Dataset records Start Marker

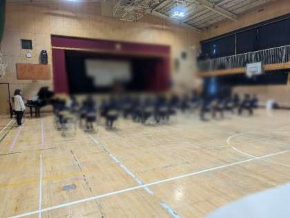 6年生は来週に控えた卒業式に向けて、練習を重ねています。本日は本番に備えて、BGMや司会も入れて練習を行いました。どの子もとても真剣な面持ちで、座り方や歩き方にも気持ちが表れていました。
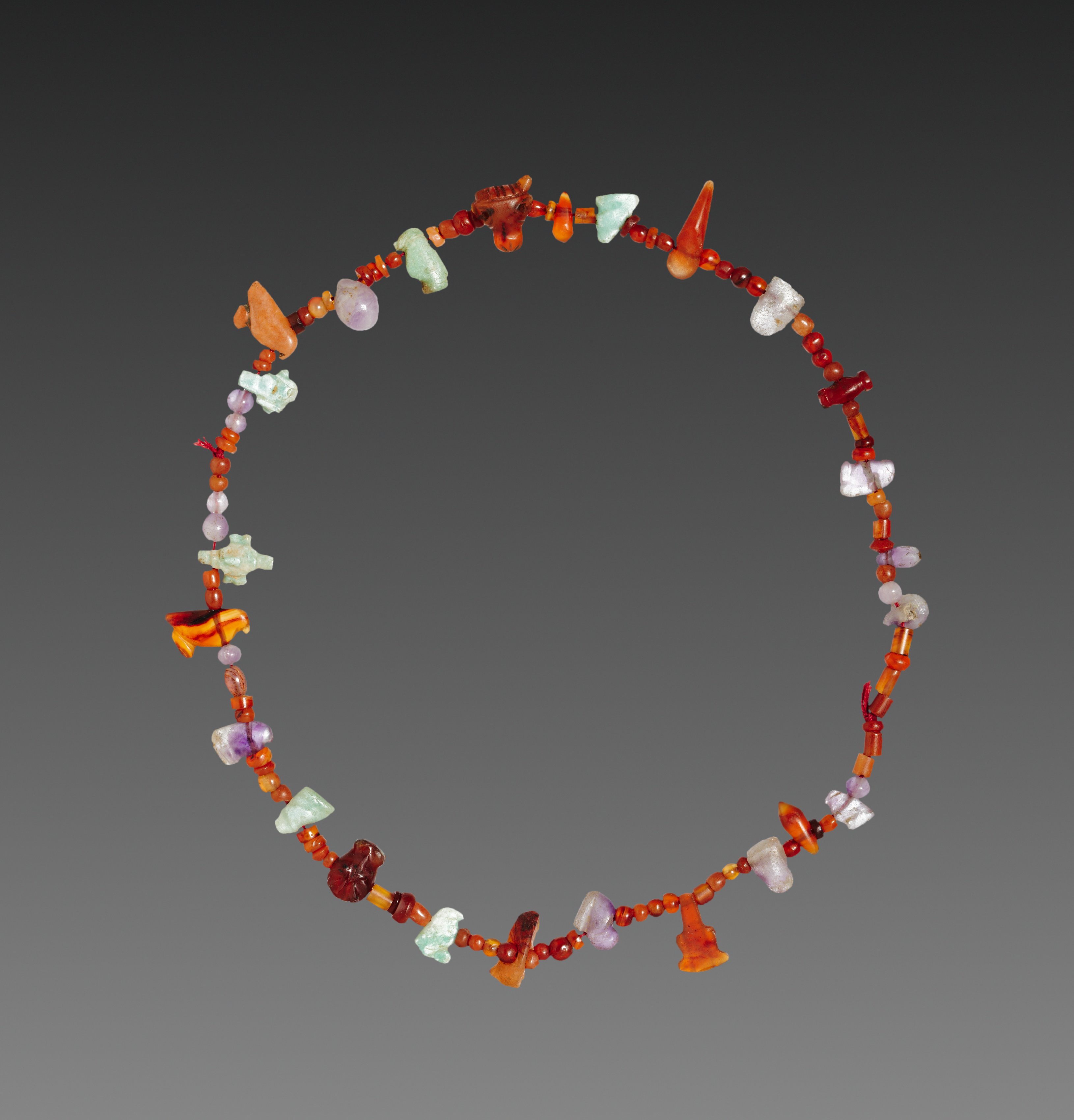 Necklace of Amulets by artist. Necklace made of orange, red, and white beads and irregularly shaped stones. The necklace is circular. The beads are small and round. The stones are irregularly shaped and vary in color, including orange, red, white, and purple. The necklace has no clasp. The background is gray and darkens towards the top.
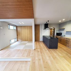 ご家族の一番のこだわりは、対面キッチンに立ちながら家全体を見渡せること。キッチンからは、和室コーナー、ダイニング、ピットリビングとタイルデッキが広がり、家族の姿をいつも感じられる間取りになっています。
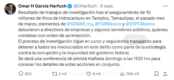 El caso se destapó a raíz del aseguramiento, en marzo de 2025, de un buque con 10 millones de litros de diésel, además de 200 contenedores y 23 tractocamiones en Tampico y Altamira, Tamaulipas.
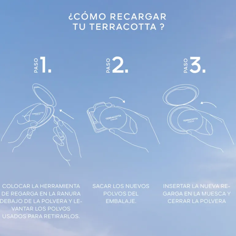 El perfume de los polvos Terracotta invita a la evasión. Las notas de ylang ylang y flor de naranjo envuelven en una agradable sensación.
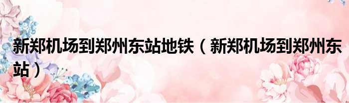 大家好,小活来为大家解答以上的问题。新郑机场到郑州东站地铁,新郑机场到郑州东站这个很多人还不知道,现在让我们一起来看看吧!
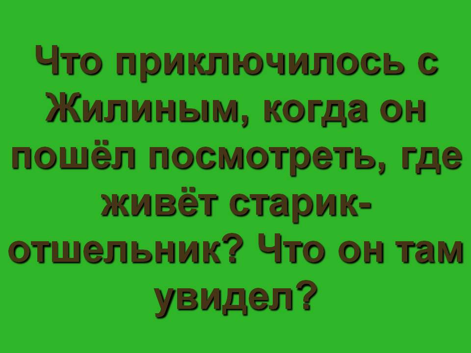 Зеленая дорожка. Что приключилось с Жилиным, когда он пошёл посмотреть, где живёт старик-отшельник? Что он там увидел? (Сошёл Жилин по дорожке, видит - садик, ограда каменная, из-за ограды черешни, шепталы и избушка с плоской крышей. Подошёл он поближе, видит - ульи стоят плетёные из соломы, и пчёлы летают, гудят. И старик стоит на коленочках, что-то хлопочет у улья. Поднялся Жилин повыше посмотреть и загремел колодкой. Старик оглянулся – как взвизгнет, выхватил из-за пояса пистолет, в Жилина выпалил. Чуть успел он за камень притулиться.)
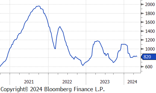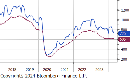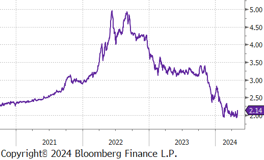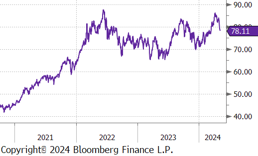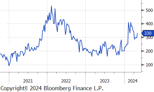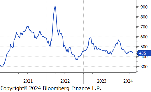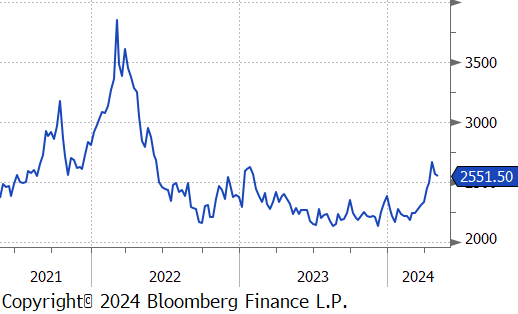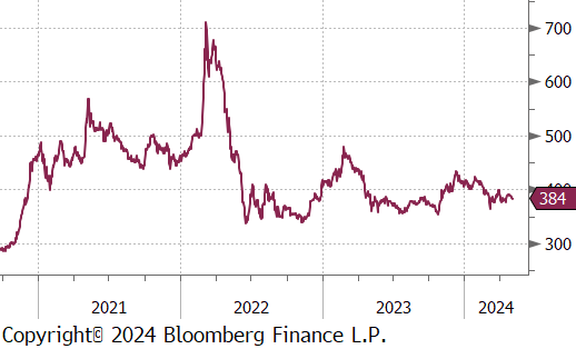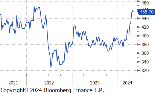 Copper edged down, declining by $1.70 or -0.4% to $456. The pause in the rally reflects market evaluations of supply threats and robust long-term demand prospects. Disruptions include the suspension of operations at Cobre Panama, the world’s largest open-pit copper mine, and power shortages impacting key mines in Zambia. Additionally, reduced profit margins for Chinese smelters could result in a coordinated 10% reduction in this year’s output. High costs associated with developing new mines have prompted industry players, like BHP’s recent bid to acquire Anglo American, to engage in mergers and acquisitions rather than start new projects. On the demand side, copper’s essential role in electrification continues to support a bullish long-term outlook.
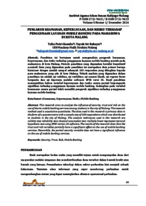 Pengaruh keamanan, kepercayaan, dan risiko terhadap penggunaan layanan mobile banking pada mahasiswa di Kota Malang.
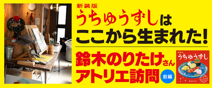 「大ピンチずかん」シリーズなどでおなじみの人気絵本作家・鈴木のりたけさんの最新作『新装版 うちゅうずし』が出版されました。193枚のシールでオリジナルのお寿司を作る、読者参加型の絵本です。今回は鈴木のりたけさんのアトリエを訪問して、アトリエでの過ごし方や愛用している道具についてお話を聞きました。前後編にわたってお届けします。
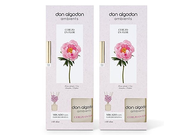 Este difusor de varillas Don Algodon Ambients Flor de Cerezo ofrece una fragancia envolvente gracias a sus extractos naturales y varillas de ratán, que liberan el aroma de manera progresiva. El formato doble de 60 ml asegura más de 60 días de uso, manteniendo la estancia perfumada durante semanas.
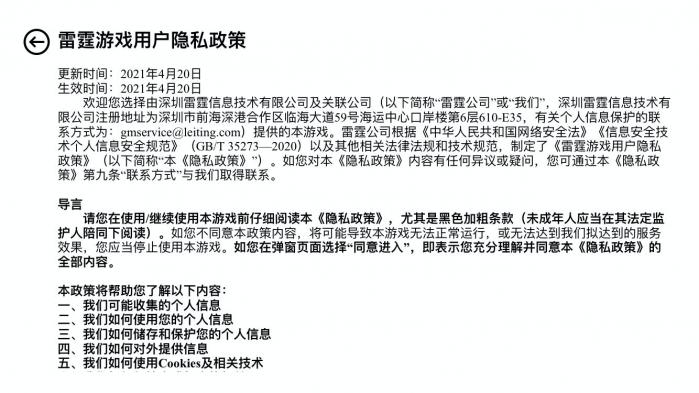 (圖說:摩爾莊園內的《雷霆遊戲用戶隱私政策》更新和生效時間為2021年4月20日。截圖時間為11月10日。)
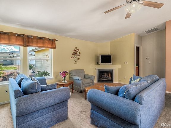 Easy living in this 2 Bedroom plus Den, 2 Bath stick built home in gated 55+ community! You will love the privacy of this large lot and the security of living in Majestic View Estates. Open concept w/ roomy kitchen & eating bar. Slider off dining room leads to nice patio and fenced in backyard. Beautiful views of Mt.Rainier & tons of natural light. Garage, vaulted ceilings, skylights & walk in Master closet are some of the extra features you will enjoy along w/ the clubhouse, gym & pool!
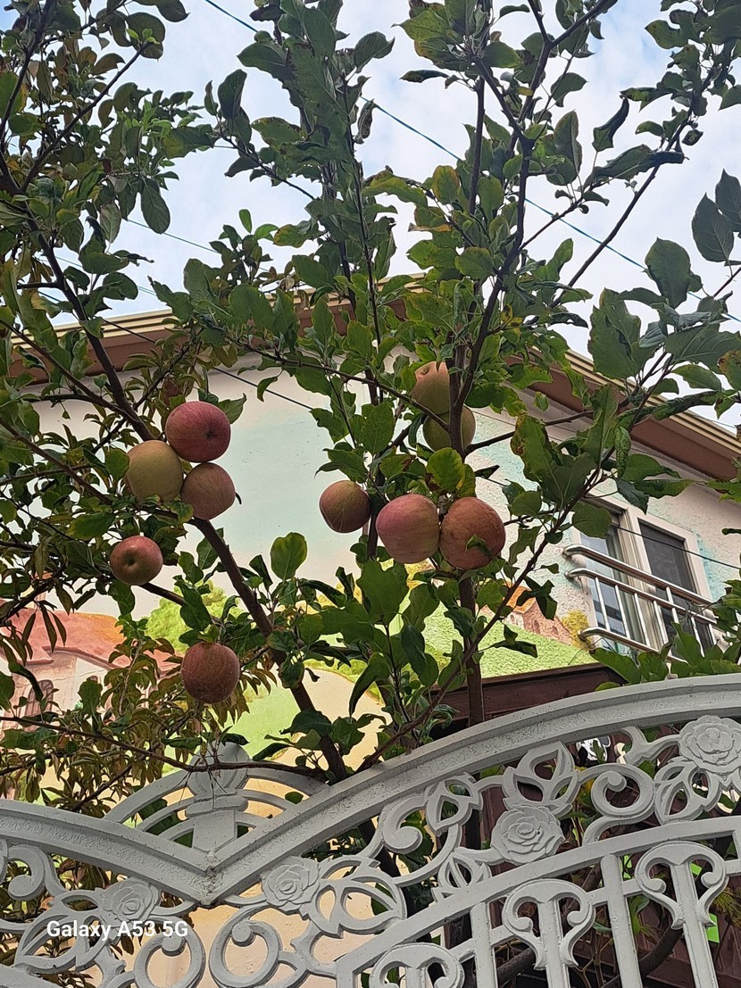 유치원담에서 사과나무에 사과가 달렸네요
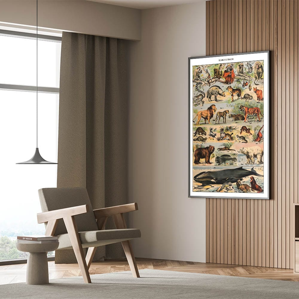 Bring the wild into your home with this stunning Vintage Animal Art print, featuring a beautiful collection of illustrated wildlife. This masterpiece showcases various animals, from fierce lions and tigers to majestic bears and graceful dolphins, all captured in a timeless vintage style. Whether you’re an animal lover or appreciate the artistry of detailed wildlife illustrations, this piece makes a perfect addition to any space. The hand-drawn design is rich in detail, offering a nostalgic, nature-inspired touch to your decor.
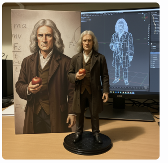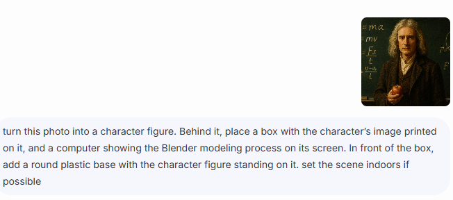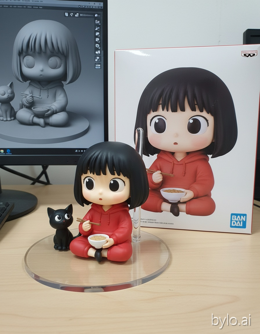 提示词:turn this photo into a character figure. Behind it, place a box with the character’s image printed on it, and a computer showing the Blender modeling process on its screen. In front of the box, add a round plastic base with the character figure standing on it. set the scene indoors if possible
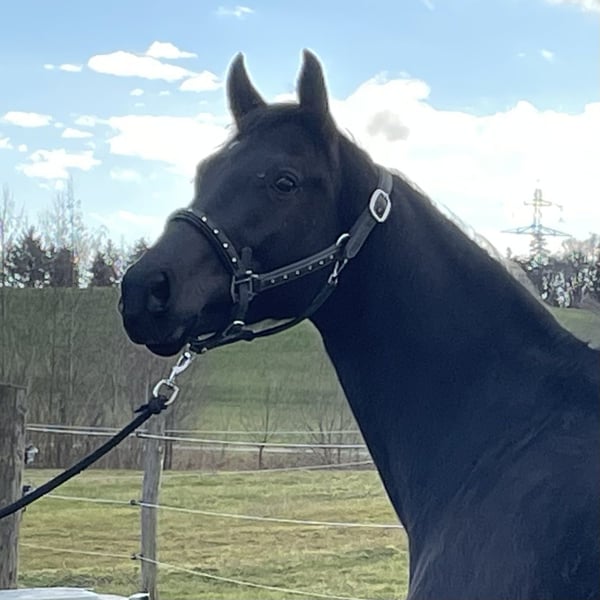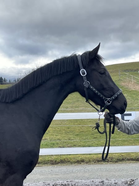 A 3-year-old Oldenburg mare in a striking black coat, directly from the breeder, is available for sale. She combines elegance, expressiveness, and a wonderful temperament. Her noble head, deep black color, and natural presence make her stand out and attract attention. In handling, she is friendly, attentive, and refined, always interested in people and easy to handle in everyday situations. Movement-wise, she possesses everything one would expect from a promising dressage prospect: rhythm, balance, and a harmonious, light-footed mechanics – with great potential for further training. She is a horse that can be built up with patience and sensitivity and is happy to trust her handler. Whether as a future dressage horse, a partner for the ambitious leisure rider, or with an eye on breeding – this young lady offers heart, quality, and potential. A horse for people who want more than just riding, but a real bond.
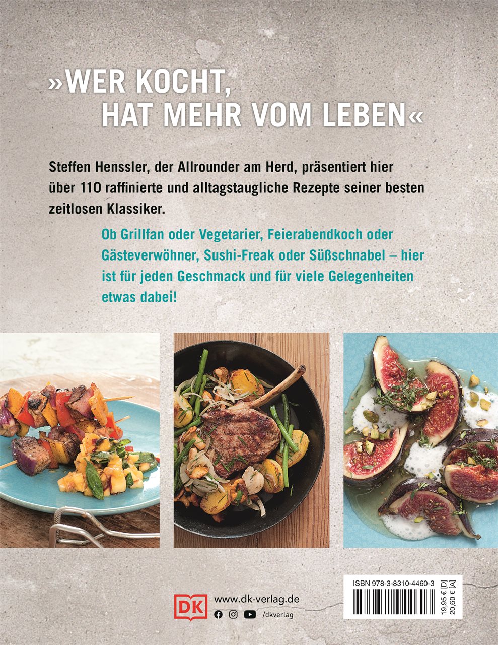- Die beliebtesten Klassiker aus Steffen Hensslers Küche: Hähnchenspieß mit Kokos-Kartoffelpüree, Sashimi-Salat, Süßkartoffel-Chili-Suppe mit gegrillten Zucchinispießen, Käse vom Grill mit Traubenkompott, Mohn-Cheesecake und viele weitere Köstlichkeiten.
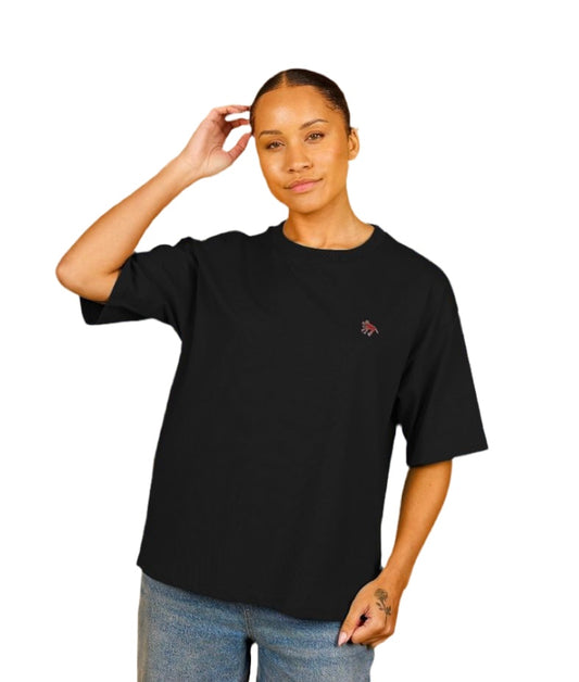 "ALL WE HAVE IS NOW" WOMEN'S OVERSIZED TEE (REVERSE GRAPHIC) IN BLACK
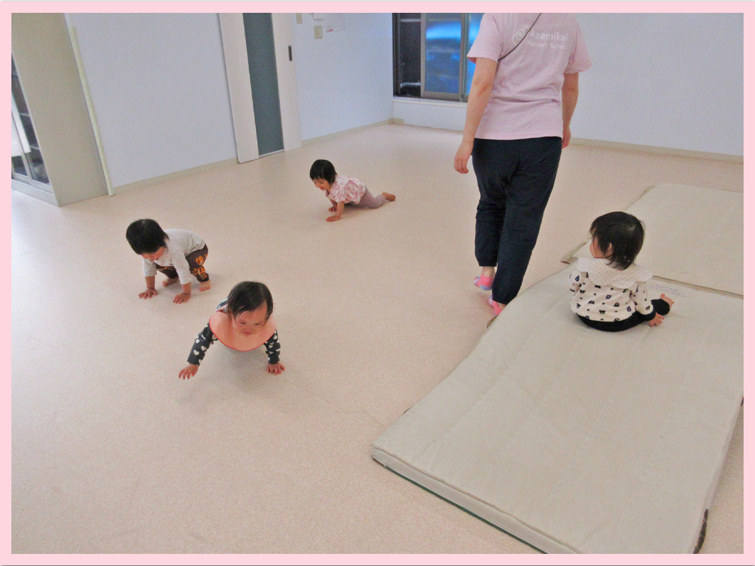 マットの山を登って下る、大きなホール内にダイナミックに走り回ったり、大きな円をえがきながらハイハイしてくれたりして、身体を沢山動かしていました。
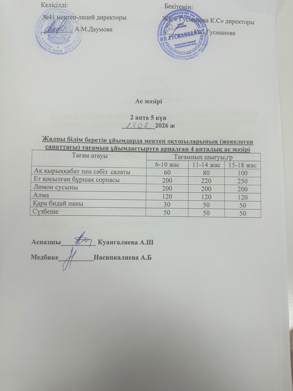 2025-2026 оқу жылы Әлеуметтік жекелеген санаттағы оқушылардың ас мәзір

Dataset records End Marker

Work request: The full listing, reproduced exactly and without pictures, is the expected output.

Result of this task:
 6年生は来週に控えた卒業式に向けて、練習を重ねています。本日は本番に備えて、BGMや司会も入れて練習を行いました。どの子もとても真剣な面持ちで、座り方や歩き方にも気持ちが表れていました。
 Necklace of Amulets by artist. Necklace made of orange, red, and white beads and irregularly shaped stones. The necklace is circular. The beads are small and round. The stones are irregularly shaped and vary in color, including orange, red, white, and purple. The necklace has no clasp. The background is gray and darkens towards the top.
 ご家族の一番のこだわりは、対面キッチンに立ちながら家全体を見渡せること。キッチンからは、和室コーナー、ダイニング、ピットリビングとタイルデッキが広がり、家族の姿をいつも感じられる間取りになっています。
 El caso se destapó a raíz del aseguramiento, en marzo de 2025, de un buque con 10 millones de litros de diésel, además de 200 contenedores y 23 tractocamiones en Tampico y Altamira, Tamaulipas.
 El perfume de los polvos Terracotta invita a la evasión. Las notas de ylang ylang y flor de naranjo envuelven en una agradable sensación.
 大家好,小活来为大家解答以上的问题。新郑机场到郑州东站地铁,新郑机场到郑州东站这个很多人还不知道,现在让我们一起来看看吧!
 Зеленая дорожка. Что приключилось с Жилиным, когда он пошёл посмотреть, где живёт старик-отшельник? Что он там увидел? (Сошёл Жилин по дорожке, видит - садик, ограда каменная, из-за ограды черешни, шепталы и избушка с плоской крышей. Подошёл он поближе, видит - ульи стоят плетёные из соломы, и пчёлы летают, гудят. И старик стоит на коленочках, что-то хлопочет у улья. Поднялся Жилин повыше посмотреть и загремел колодкой. Старик оглянулся – как взвизгнет, выхватил из-за пояса пистолет, в Жилина выпалил. Чуть успел он за камень притулиться.)
 Copper edged down, declining by $1.70 or -0.4% to $456. The pause in the rally reflects market evaluations of supply threats and robust long-term demand prospects. Disruptions include the suspension of operations at Cobre Panama, the world’s largest open-pit copper mine, and power shortages impacting key mines in Zambia. Additionally, reduced profit margins for Chinese smelters could result in a coordinated 10% reduction in this year’s output. High costs associated with developing new mines have prompted industry players, like BHP’s recent bid to acquire Anglo American, to engage in mergers and acquisitions rather than start new projects. On the demand side, copper’s essential role in electrification continues to support a bullish long-term outlook.
 Pengaruh keamanan, kepercayaan, dan risiko terhadap penggunaan layanan mobile banking pada mahasiswa di Kota Malang.
 「大ピンチずかん」シリーズなどでおなじみの人気絵本作家・鈴木のりたけさんの最新作『新装版 うちゅうずし』が出版されました。193枚のシールでオリジナルのお寿司を作る、読者参加型の絵本です。今回は鈴木のりたけさんのアトリエを訪問して、アトリエでの過ごし方や愛用している道具についてお話を聞きました。前後編にわたってお届けします。
 Este difusor de varillas Don Algodon Ambients Flor de Cerezo ofrece una fragancia envolvente gracias a sus extractos naturales y varillas de ratán, que liberan el aroma de manera progresiva. El formato doble de 60 ml asegura más de 60 días de uso, manteniendo la estancia perfumada durante semanas.
 (圖說:摩爾莊園內的《雷霆遊戲用戶隱私政策》更新和生效時間為2021年4月20日。截圖時間為11月10日。)
 Easy living in this 2 Bedroom plus Den, 2 Bath stick built home in gated 55+ community! You will love the privacy of this large lot and the security of living in Majestic View Estates. Open concept w/ roomy kitchen & eating bar. Slider off dining room leads to nice patio and fenced in backyard. Beautiful views of Mt.Rainier & tons of natural light. Garage, vaulted ceilings, skylights & walk in Master closet are some of the extra features you will enjoy along w/ the clubhouse, gym & pool!
 유치원담에서 사과나무에 사과가 달렸네요
 Bring the wild into your home with this stunning Vintage Animal Art print, featuring a beautiful collection of illustrated wildlife. This masterpiece showcases various animals, from fierce lions and tigers to majestic bears and graceful dolphins, all captured in a timeless vintage style. Whether you’re an animal lover or appreciate the artistry of detailed wildlife illustrations, this piece makes a perfect addition to any space. The hand-drawn design is rich in detail, offering a nostalgic, nature-inspired touch to your decor.
 提示词:turn this photo into a character figure. Behind it, place a box with the character’s image printed on it, and a computer showing the Blender modeling process on its screen. In front of the box, add a round plastic base with the character figure standing on it. set the scene indoors if possible
 A 3-year-old Oldenburg mare in a striking black coat, directly from the breeder, is available for sale. She combines elegance, expressiveness, and a wonderful temperament. Her noble head, deep black color, and natural presence make her stand out and attract attention. In handling, she is friendly, attentive, and refined, always interested in people and easy to handle in everyday situations. Movement-wise, she possesses everything one would expect from a promising dressage prospect: rhythm, balance, and a harmonious, light-footed mechanics – with great potential for further training. She is a horse that can be built up with patience and sensitivity and is happy to trust her handler. Whether as a future dressage horse, a partner for the ambitious leisure rider, or with an eye on breeding – this young lady offers heart, quality, and potential. A horse for people who want more than just riding, but a real bond.
- Die beliebtesten Klassiker aus Steffen Hensslers Küche: Hähnchenspieß mit Kokos-Kartoffelpüree, Sashimi-Salat, Süßkartoffel-Chili-Suppe mit gegrillten Zucchinispießen, Käse vom Grill mit Traubenkompott, Mohn-Cheesecake und viele weitere Köstlichkeiten.
 "ALL WE HAVE IS NOW" WOMEN'S OVERSIZED TEE (REVERSE GRAPHIC) IN BLACK
 マットの山を登って下る、大きなホール内にダイナミックに走り回ったり、大きな円をえがきながらハイハイしてくれたりして、身体を沢山動かしていました。
 2025-2026 оқу жылы Әлеуметтік жекелеген санаттағы оқушылардың ас мәзір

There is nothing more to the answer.